The fix is not “ask better questions in the moment.” The fix is a config manifest that makes every open item explicit before the build starts. An item without a value becomes a flag, not a guess. The line cannot proceed past a blocker it does not know exists.
The other thing: scope creep, properly channeled, is a feature. The original ask was a working app for the weekend. The second build added everything the first build should have had. Neither was out of scope - they were just things the interview hadn’t surfaced yet. The interview continued. The build reflected it.
The Throughline
Ford did not care about any individual car. He cared whether the line worked, and when it did not, he fixed the line. Every deficiency report, every post-mortem, every process change is the work. The products are evidence that the work is progressing.
Fork the Vote answered the experiment’s question: yes, the line works.

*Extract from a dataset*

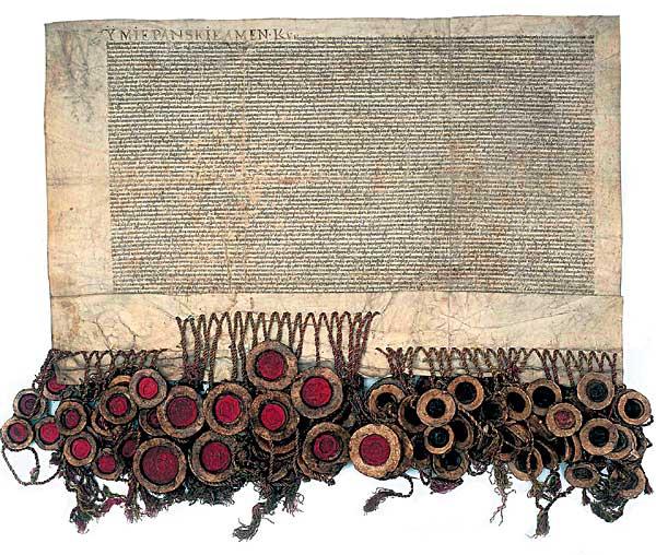 Дальше — больше: Городельская уния в 1413 году уже фиксировала неразрывный союз обеих монархий, подтверждала привилегированный статус католиков и провозглашала создание в Литве нового привилегированного сословия — шляхты, по польскому образцу. А чтобы окончательно слить воедино дворянство двух государств, 47 знатных семейств Польши поделились своими гербами с таким же числом благородных домов Великого княжества. Впрочем, гарантии независимости литовско-русское государство сохранило: «родственникам» с запада запрещалось занимать управляющие должности и даже селиться в нем.

Here is precisely where it did not, and here is what we changed.
The interview captured “six family members, Portland restaurants, no arguments at dinner.” The factory turned that into a deployed application in 48 hours for $0.30. The gap between “describe the problem” and “here is the solution” is the variable being driven toward zero.
Which raises the next question: if a professional pipeline can take a spoken description and produce a deployed app, what happens when you compress the entire thing to a single prompt box and hand it to anyone? Not a developer. Not a client with a 15-minute interview. Anyone.
That question is Boopadoop.
Current Status
Both builds are live for direct comparison. The first build demonstrates what a pipeline design failure looks like in production. The second demonstrates what the fix produces. The interview that generated them is the foundation for everything the pipeline runs next.